In sampling, a 20-token top-k usually forms an excellent probability distribution. 100 tokens would already be quite a lot in the probability distribution of a response. Other rarer tokens are so unlikely and usually so undesirable that they are never shown to you.
What is happening here is that your brain is doing the creative work by shaping the input into a form that allows you to access those tokens in the model that the model would not otherwise show you. At the same time, by modifying the input, you exclude a large part of other potential responses. In this case, I don’t see the possibility of creativity independent of a human for the language model, because it is merely executing what you try to command it to do in the input, like a slave or a robot, without actual intellectual autonomy.

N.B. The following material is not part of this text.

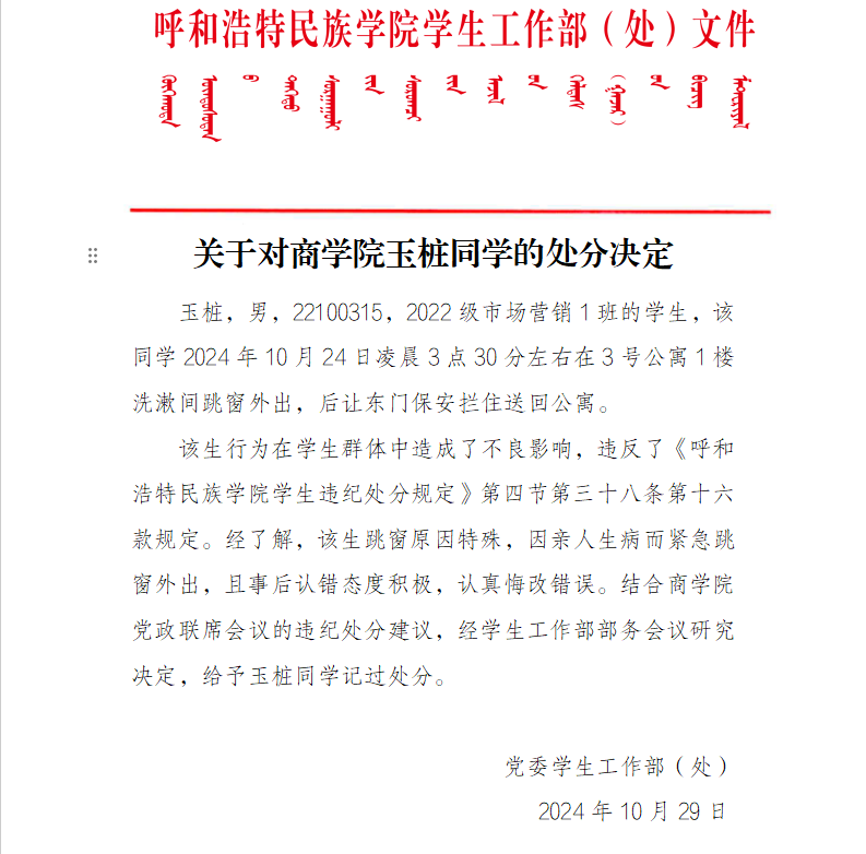 关于对商学院玉桩同学的处分决定

I wouldn’t necessarily make the same claim, because I believe I have a very biological view of how the human brain functions. However, the human brain is so many orders of magnitude more complex and versatile than current large language models that I don’t think the comparison is appropriate. Here is an example from one of LeCun’s old papers on what the architecture of an autonomous AI might look like:
I could accept the claim of AI creativity if it had some kind of understanding of and ability to react to the surrounding world—at a minimum, an internal world model and perception, as well as the autonomy to react to stimuli with a significantly wide diversity. Current large language models are too slavishly dependent on their training data, and the underlying architecture is too simple for them to be elevated to a role greater than that of an everyday tool alongside humans.
If you aren’t already following Sebastian Raschka, this Substack is definitely worth reading:
The texts usually get quite technical, but one of his predictions for 2026 was as if written by my own pen:
A lot of LLM benchmark and performance progress will come from improved tooling and inference-time scaling rather than from training or the core model itself. It will look like LLMs are getting much better, but this will mainly be because the surrounding applications are improving. At the same time, developers will focus more on lowering latency and making reasoning models expand fewer reasoning tokens where it is unnecessary. Don’t get me wrong, 2026 will push the state-of-the-art further, but the proportion of progress will come more from the inference than purely the training side this year.